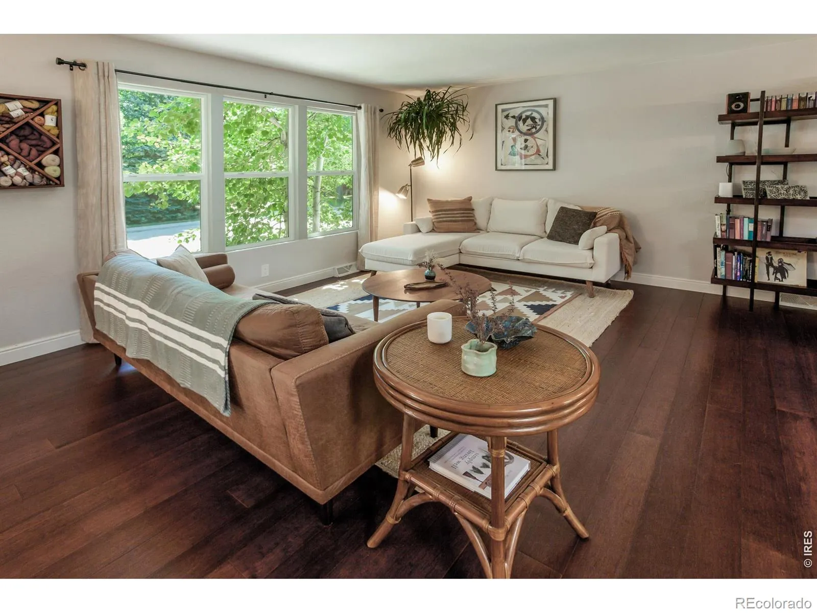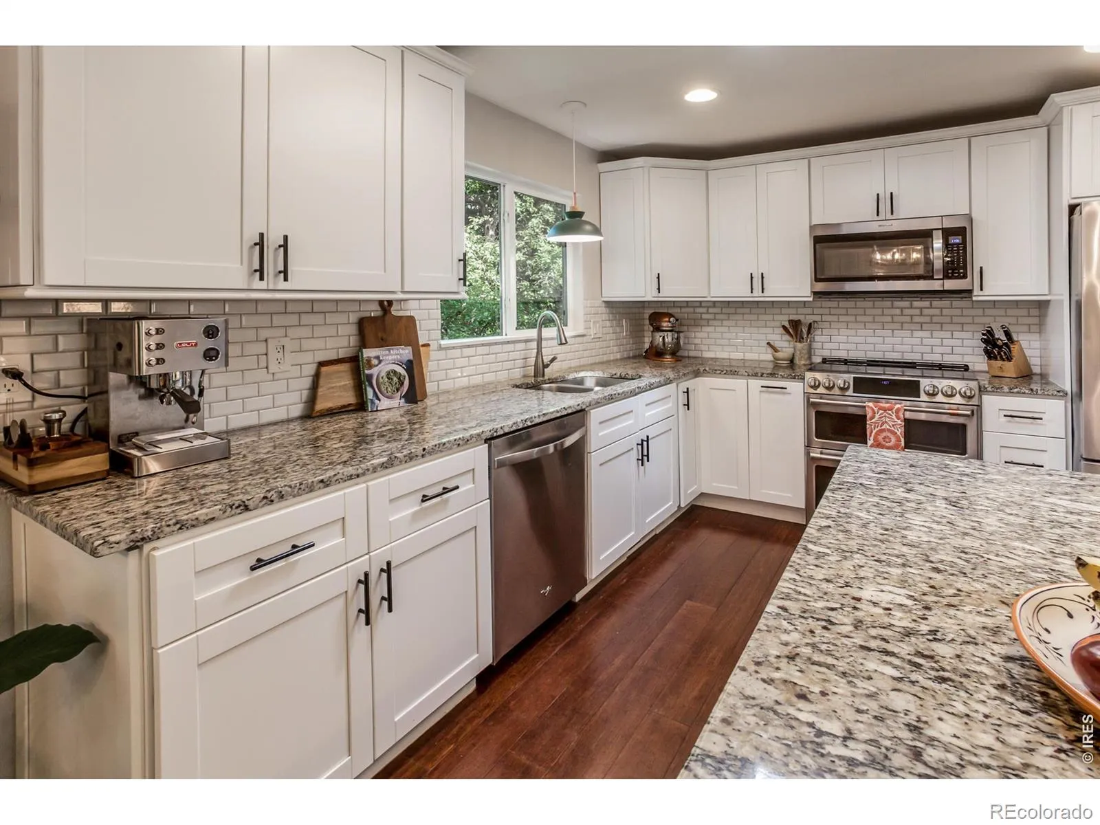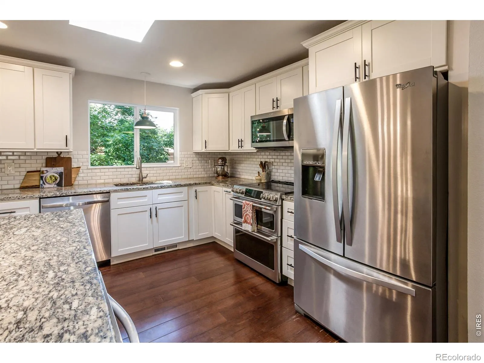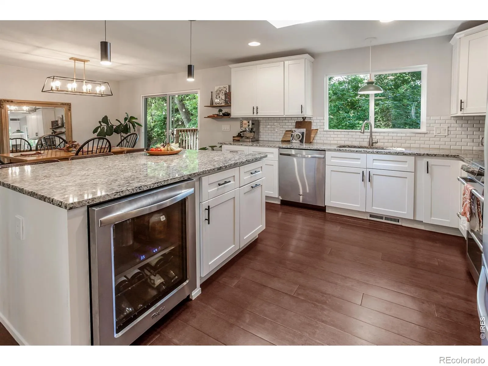 OPEN HOUSE SATURDAY! Welcome to 1413 Constitution Ave – a remodeled and upgraded Fort Collins home featuring professionally updated insulation for exceptional energy efficiency, keeping you comfortable year-round while helping reduce utility costs. Situated in a park-like setting, and offering 2,013 square feet of thoughtfully improved living space, this home includes 4 bedrooms, 2 bathrooms, and two spacious living areas. The main level has been beautifully remodeled and reconfigured into an open-concept layout, seamlessly connecting the kitchen, dining, and living areas-perfect for everyday living and entertaining. Beautiful wood floors run throughout the level, adding warmth and style. The kitchen shines with granite countertops, quality cabinetry, stainless steel appliances, and outstanding storage, including a pantry. The main-level bathroom has been fully remodeled with modern tile and fixtures, and the bedrooms are filled with natural light. The lower level offers a large second living area with a cozy wood-burning fireplace, access to the attached 2-car garage, a laundry area with included washer and dryer, and two additional guest rooms. The downstairs bathroom has also been remodeled, providing updated finishes and added convenience for guests or extended living. Outside, the property continues to impress. The front yard is a gardener’s paradise with multiple irrigated raised beds that enhance curb appeal while producing fresh food. The backyard is a private, wooded retreat-fully fenced, shaded, and backing to a canal. Enjoy the deck, flagstone patio, and lush lawn, plus berry bushes including raspberries, strawberries, and blackberries. Just a quick bike ride to CSU and Old Town, close to the foothills and Horsetooth Reservoir, with easy access to Red Fox Meadows Natural Area, Avery Park, City Park, and Rolland Moore Park. This move-in ready hand the perfect blend of updates, efficiency, and location. Click on the Video/Virtual Tour links for more info.
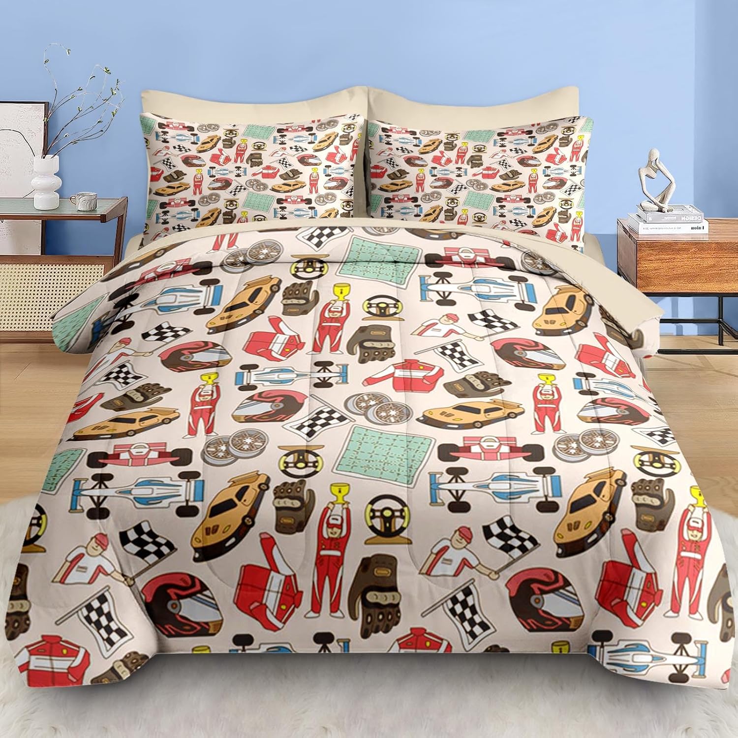 Elevate your bedroom with this trendy 7-piece comforter set designed for car lovers. Perfect for kids, teens, or anyone who wants a stylish and functional way to express their passion.
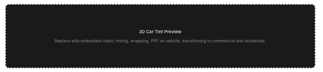 We considered covering the service range with static photos from multiple angles. But the 3D video shows tinting, wrapping, and paint protection applied to the same vehicle, then transitions to commercial and residential tinting, all in about 15 seconds. It communicates the full scope of services faster and more clearly than scrolling through 10 separate images would. I wrote the script, drew the storyboards, and directed a freelance 3D motion designer through production. The final asset was embedded as a lightweight video loop to keep page load fast and SEO-friendly.
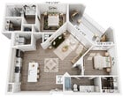 Modelo de apartamento: B1Desde $1,9702 Dormitorios, 2 Baños, 1107 sq ftDisponible AhoraLos planos son representaciones artísticas. Todas las dimensiones son aproximadas. El producto y las especificaciones reales pueden variar en tamaño o detalle. No todas las características están disponibles en cada vivienda en alquiler. Por favor, consulta con un representante para obtener más detalles.
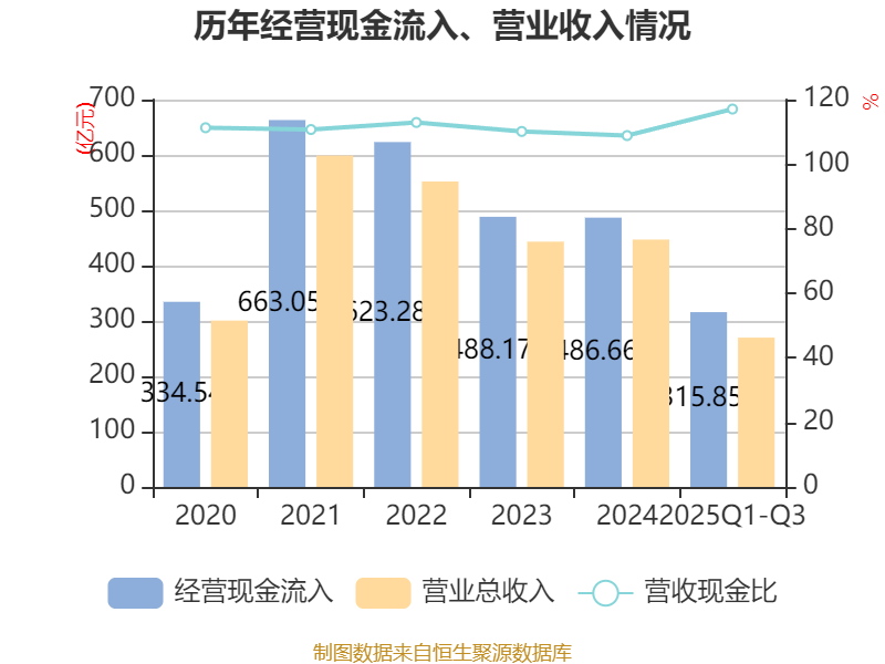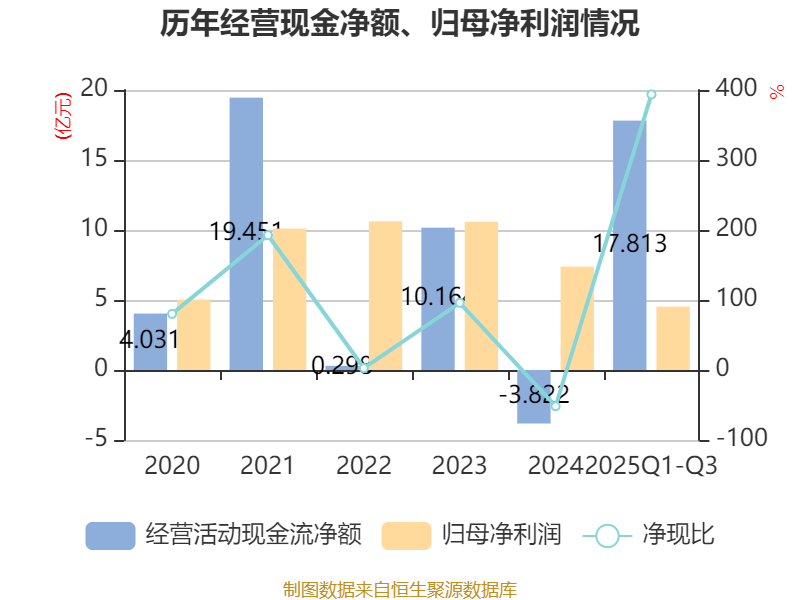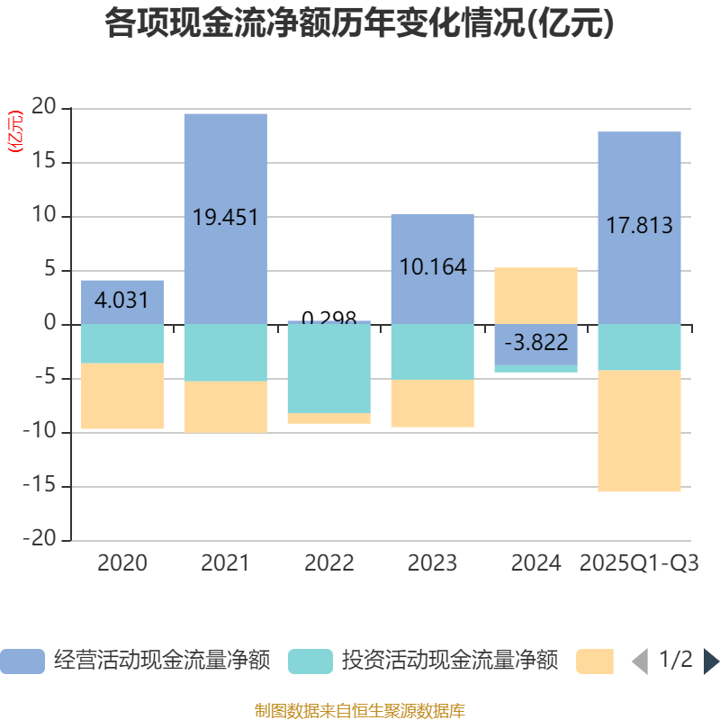 2025年前三季度,公司经营活动现金流净额为17.81亿元,同比增加21.34亿元;筹资活动现金流净额-11.22亿元,同比减少19.59亿元;投资活动现金流净额-4.3亿元,上年同期为-234.78万元。
◆ ◆ ◆ ◆ ◆
- WORK TASK -
Could you repeat each line above exactly as written? Omit the pictures.

- THE ANSWER -
 OPEN HOUSE SATURDAY! Welcome to 1413 Constitution Ave – a remodeled and upgraded Fort Collins home featuring professionally updated insulation for exceptional energy efficiency, keeping you comfortable year-round while helping reduce utility costs. Situated in a park-like setting, and offering 2,013 square feet of thoughtfully improved living space, this home includes 4 bedrooms, 2 bathrooms, and two spacious living areas. The main level has been beautifully remodeled and reconfigured into an open-concept layout, seamlessly connecting the kitchen, dining, and living areas-perfect for everyday living and entertaining. Beautiful wood floors run throughout the level, adding warmth and style. The kitchen shines with granite countertops, quality cabinetry, stainless steel appliances, and outstanding storage, including a pantry. The main-level bathroom has been fully remodeled with modern tile and fixtures, and the bedrooms are filled with natural light. The lower level offers a large second living area with a cozy wood-burning fireplace, access to the attached 2-car garage, a laundry area with included washer and dryer, and two additional guest rooms. The downstairs bathroom has also been remodeled, providing updated finishes and added convenience for guests or extended living. Outside, the property continues to impress. The front yard is a gardener’s paradise with multiple irrigated raised beds that enhance curb appeal while producing fresh food. The backyard is a private, wooded retreat-fully fenced, shaded, and backing to a canal. Enjoy the deck, flagstone patio, and lush lawn, plus berry bushes including raspberries, strawberries, and blackberries. Just a quick bike ride to CSU and Old Town, close to the foothills and Horsetooth Reservoir, with easy access to Red Fox Meadows Natural Area, Avery Park, City Park, and Rolland Moore Park. This move-in ready hand the perfect blend of updates, efficiency, and location. Click on the Video/Virtual Tour links for more info.
 Elevate your bedroom with this trendy 7-piece comforter set designed for car lovers. Perfect for kids, teens, or anyone who wants a stylish and functional way to express their passion.
 We considered covering the service range with static photos from multiple angles. But the 3D video shows tinting, wrapping, and paint protection applied to the same vehicle, then transitions to commercial and residential tinting, all in about 15 seconds. It communicates the full scope of services faster and more clearly than scrolling through 10 separate images would. I wrote the script, drew the storyboards, and directed a freelance 3D motion designer through production. The final asset was embedded as a lightweight video loop to keep page load fast and SEO-friendly.
 Modelo de apartamento: B1Desde $1,9702 Dormitorios, 2 Baños, 1107 sq ftDisponible AhoraLos planos son representaciones artísticas. Todas las dimensiones son aproximadas. El producto y las especificaciones reales pueden variar en tamaño o detalle. No todas las características están disponibles en cada vivienda en alquiler. Por favor, consulta con un representante para obtener más detalles.
 2025年前三季度,公司经营活动现金流净额为17.81亿元,同比增加21.34亿元;筹资活动现金流净额-11.22亿元,同比减少19.59亿元;投资活动现金流净额-4.3亿元,上年同期为-234.78万元。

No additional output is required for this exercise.